On any attempt to divest this concept of all extraneous or adventitious elements it will be found that such a sense of an undivided joint interest in a collective body of prestige will always remain as an irreducible minimum. This is the substantial core about which many and divers subsidiary interests cluster, but without which these other clustering interests and aspirations will not, jointly or severally, make up a working palladium of the patriotic spirit.
It is true, seen in some other light or rated in some other bearing or connection, one and another of these other interests, ideals, aspirations, beatitudes, may well be adjudged nobler, wiser, possibly more urgent than the
national prestige; but in the forum of patriotism all these other necessaries of human life—the glory of God and the good of man—rise by comparison only to the rank of subsidiaries, auxiliaries, amenities. He is an indifferent patriot who will let "life, liberty and the pursuit of happiness" cloud the issue and get in the way of the main business in hand.
There once were, we are told, many hardy and enterprising spirits banded together along the Spanish Main for such like ends, just as there are in our day an even greater number of no less single-minded spirits bent on their own "life, liberty and pursuit of happiness," according to their light, in the money-markets of the modern world; but for all their admirable qualities and splendid achievements, their passionate quest of these amenities has not entitled these Gentlemen Adventurers to claim rank as patriots. The poet says:
"Strike for your altars and your fires!
Strike for the green graves of your sires!

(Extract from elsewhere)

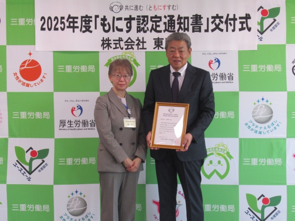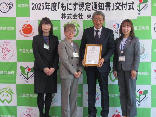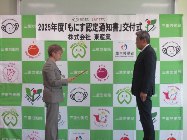 障害者の雇用の促進等に関する法律に基づく認定企業として、ミツイバウ・マテリアル株式会社を認定し、令和7年12月15日に認定通知書交付式を行いました。

God and your native land!"
But, again, a temperate scrutiny of the list of desiderata so enumerated in the poet's flight, will quickly bring out the fact that any or all of them might drop out of the situation without prejudice to the plain call of patriotic duty. In the last resort, when the patriotic spirit falls back on its naked self alone, it is not reflection on the merits of these good and beautiful things in Nature that gives him his cue and enforces the ultimate sacrifice. Indeed it is something infinitely more futile and infinitely more urgent,—provided only that the man is imbued with the due modicum of patriotic devotion; as, indeed, men commonly are. It is not faith, hope or charity that abide as the irreducible minimum of virtue in the patriot's
scheme of things; particularly not that charity that has once been highly spoken of as being the greatest of these. It may be that, viewed in the light of reason, as Doctor Katzenberger would say, patriotic devotion is the most futile thing in the world; but, for good or ill, the light of reason has nothing to do with the case,—no more than "The flowers that bloom in the spring."